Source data

--------------------------------------------------

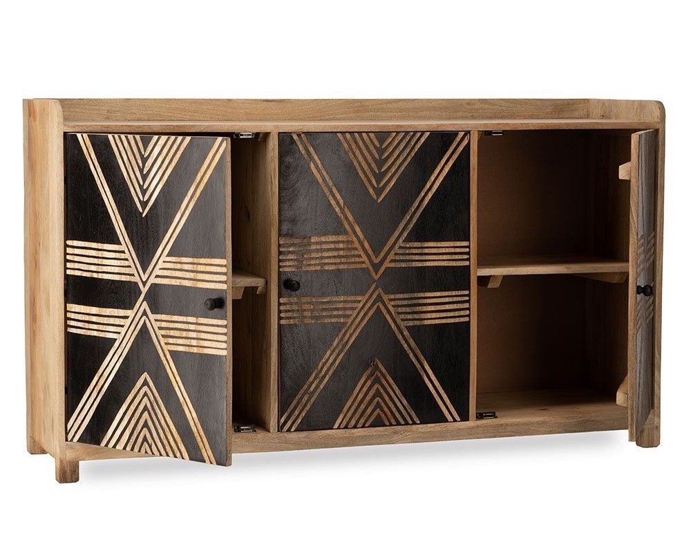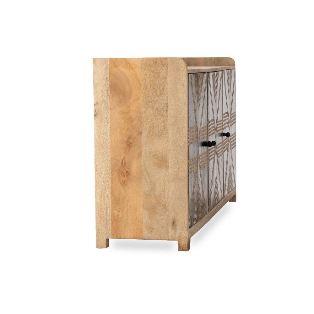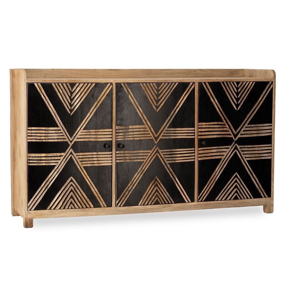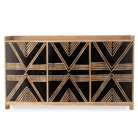 Buffet en manguier sculptée de façon artisanale, chaque pièce est unique. Existe en version armoire.
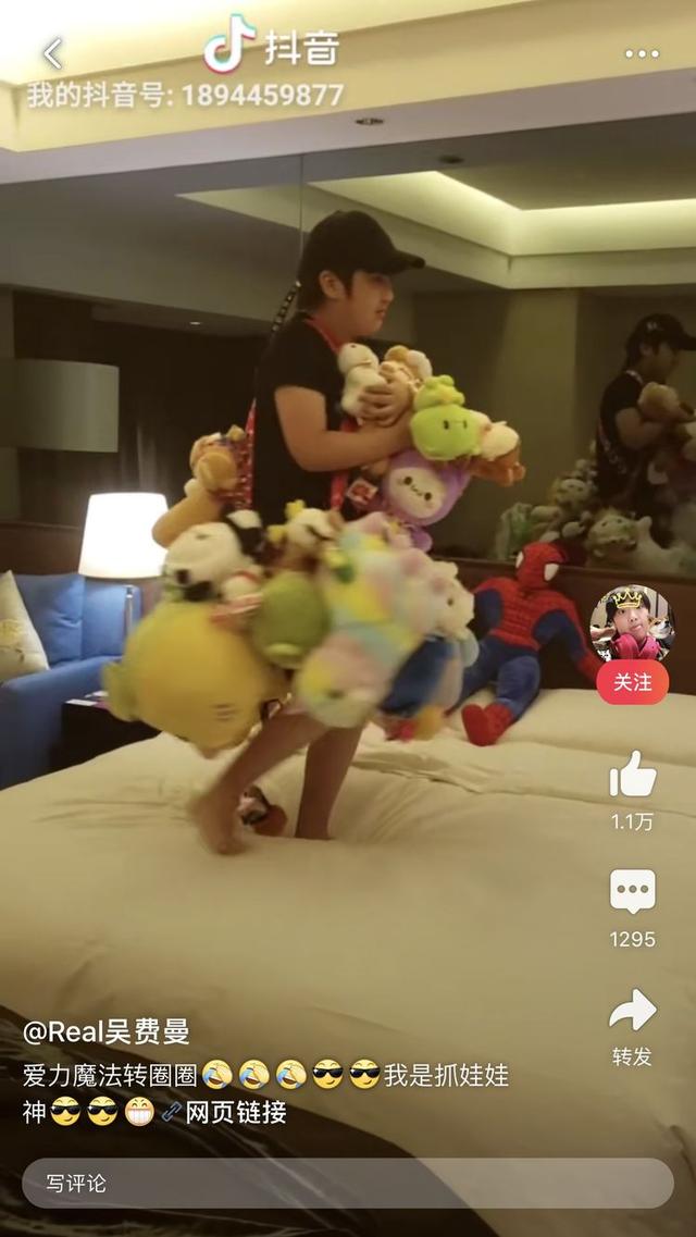爸爸的电影和舞台剧先后推出,Feynman就在微博、抖音齐齐出动帮吴镇宇宣传。发短片话不够,Feynman跟爸爸去北京宣传电影的时候,亲自出动帮买票看电影的粉丝夹公仔,相当给力,创意值得一赞!
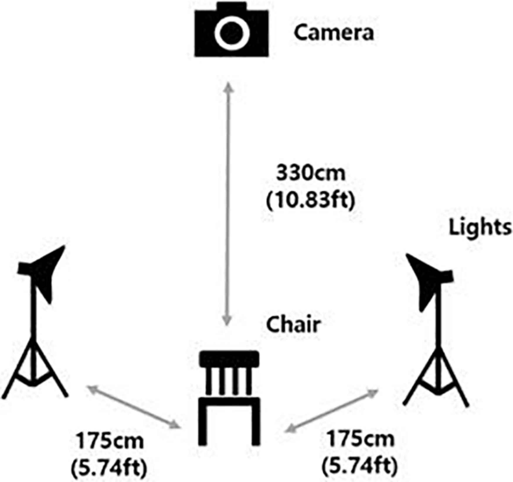 The photo and film shoots took place in a video production room at a university library located in Seoul. The models were instructed to sit in a chair in front of a white background screen. A Canon EOS 5D Mark II camera equipped with a Canon EF 70–200 mm lens was used, along with two PROSPOT DHL-1K standing lights. The distance between the chair and the camera was approximately 330 cm (10.83 ft), and the distance between the chair and the lights were approximately 175 cm (5.74 ft) each. Figure 1 shows the setup of the photo shoot.
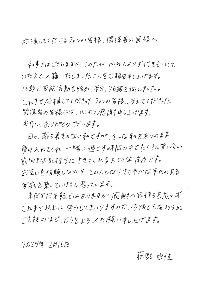 新潟の至宝こと元NGT48荻野由佳(26歳)さんが結婚!ちょっと横になるわ…
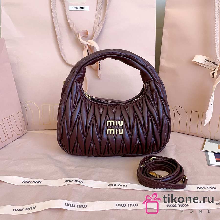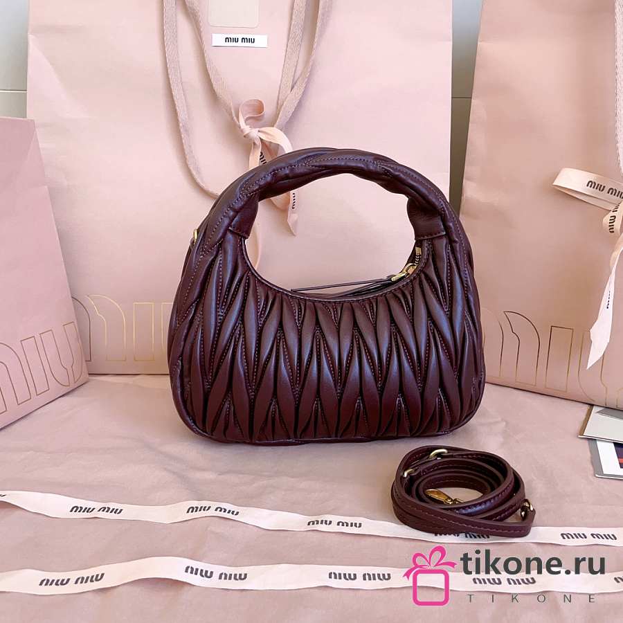 Miumiu Wander Matelasse Nappa Leather Hobo Bag Burgundy - 20x17x6cm
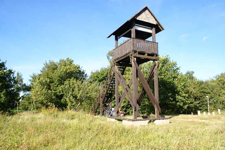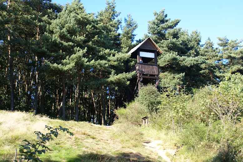 Hinter der Mühle halten wir uns zunächst links und umrunden auf einem Feldweg den Reitplatz. Am Waldrand gehen wir rechts zu einer Straße, der wir auf einem Fußweg auf der linken Straßenseite aus dem Ort hinaus folgen. Schon nach wenigen Minuten lassen wir die Straße hinter uns und wandern schräg links durch ein kleines Wäldchen und über Felder auf den bewaldeten Kückelsberg, 58 m. Wo der Weg den Wald verlässt, befindet sich ein Aussichtsturm, von dem aus man einen schönen Blick über den Gothensee und das 16 km² große Niedermoor Thurbruch hinweg zum Stettiner Haff hat. In der Ferne kann man die Steilufer der Insel Wollin erkennen.
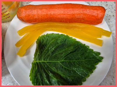 깻잎은 반으로, 단무지는 3등분으로 썰기~
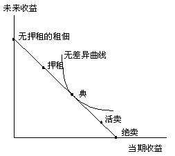 土地的每一个权利都代表一定的价值。正是因为土地物权的不同层次可以在多样化的交易中实现分割,当期收益和未来收益也可以实现调剂,人们对资金的多样化需求得以被更充分的满足。图2体现的是不同形式的地权交易对当期收益和未来收益的权衡。且在图中的无差异曲线所显示的偏好中,典这种交易是交易人最优的安排。
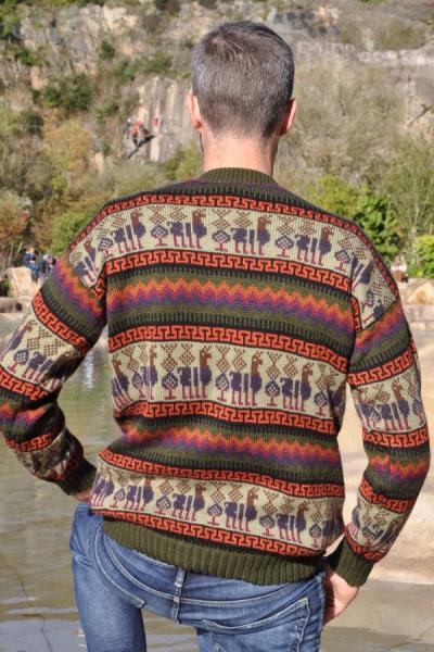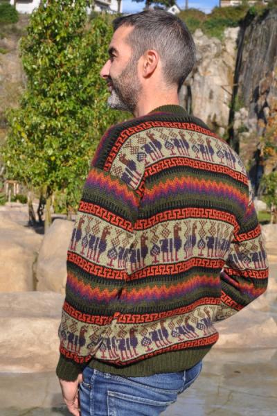 Pull-over jacquard homme couleur beige et kaki en alpaga. Avec ses motifs lamas des Andes, ce pull allie style, chaleur et authenticité.
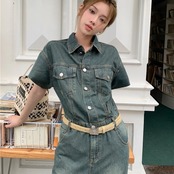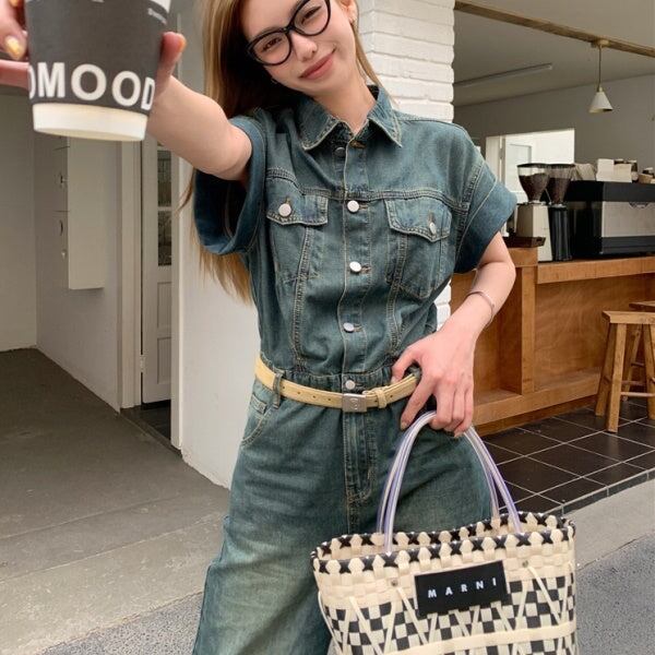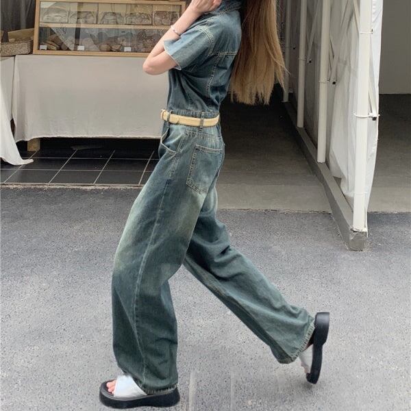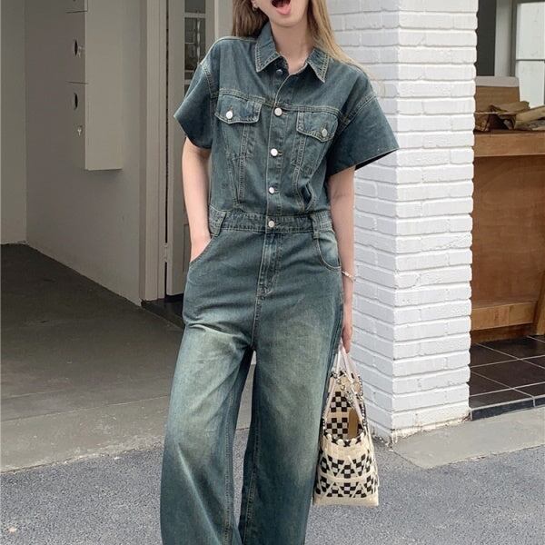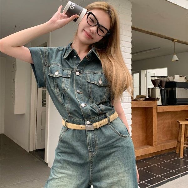 ジャンプスーツ デニム レディース 韓国 ファッション オールインワン デニムパンツ デニムシャツ 半袖 タンガリー 夏
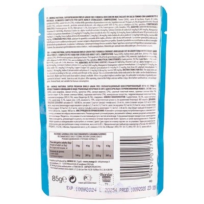 МОНЖ NATURAL CAT пауч BWILD GRAIN FREE для стерилизованных кошек Тунец с креветками и овощами
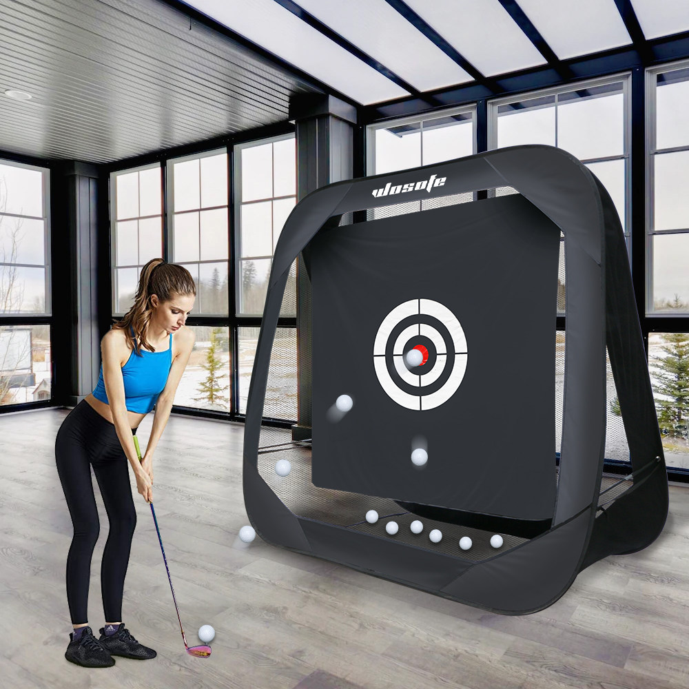 自宅で本格的なアプローチ練習ができるゴルフ練習器具です。 中央の的を狙って打つことで方向性と距離感を同時に養えます。 ネット構造でボールをしっかりキャッチし、周囲への飛び出しを防止します。 組み立て式で持ち運びも簡単、屋内外どちらでも使用可能です。 繰り返し練習することでショートゲームの精度が格段に向上します。
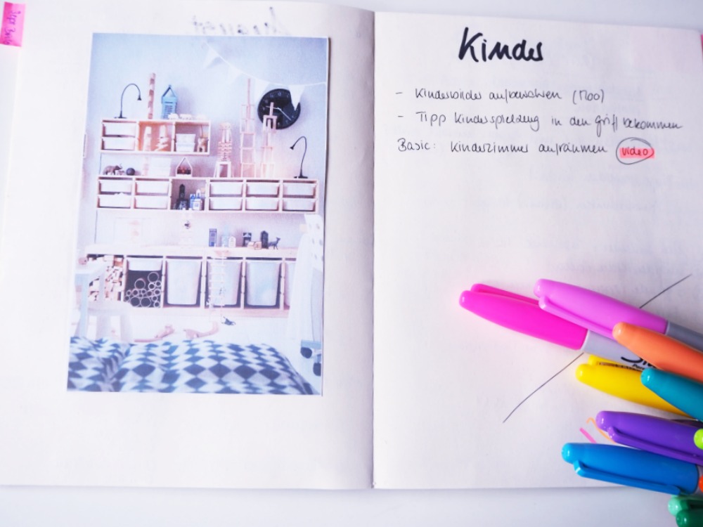 Und wenn ich dann einen Monat mit einem Thema planen – zum Beispiel Kinderzimmer aufräumen – dann „bastel“ ich mir aus all den Inspirationen die Themen zusammen. Das geht dann wirklich, wirklich schnell und ich habe ohne große Recherche 5 bis 10 Themen parat.
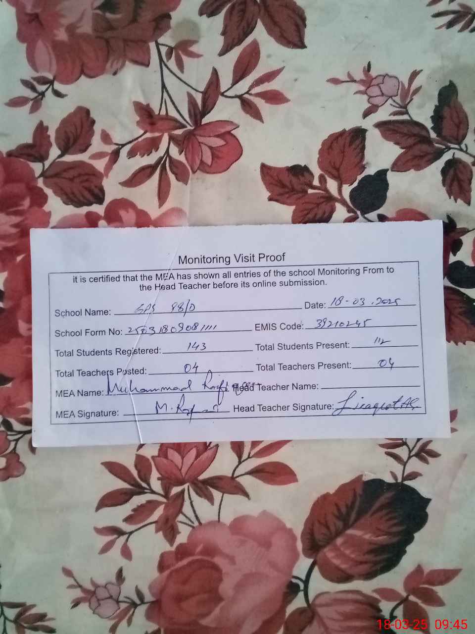 | EMIS Code: 39210245 | Name of School: GPS CHAK NO. 98/D | |||

--------------------------------------------------

> **ACTION ITEM**
From the line containing "土地的每一个权利都代表一定的" through the line containing "МОНЖ NATURAL CAT", copy every line above exactly, without pictures.

> **EXERCISE RESPONSE**
 土地的每一个权利都代表一定的价值。正是因为土地物权的不同层次可以在多样化的交易中实现分割,当期收益和未来收益也可以实现调剂,人们对资金的多样化需求得以被更充分的满足。图2体现的是不同形式的地权交易对当期收益和未来收益的权衡。且在图中的无差异曲线所显示的偏好中,典这种交易是交易人最优的安排。
 Pull-over jacquard homme couleur beige et kaki en alpaga. Avec ses motifs lamas des Andes, ce pull allie style, chaleur et authenticité.
 ジャンプスーツ デニム レディース 韓国 ファッション オールインワン デニムパンツ デニムシャツ 半袖 タンガリー 夏
 МОНЖ NATURAL CAT пауч BWILD GRAIN FREE для стерилизованных кошек Тунец с креветками и овощами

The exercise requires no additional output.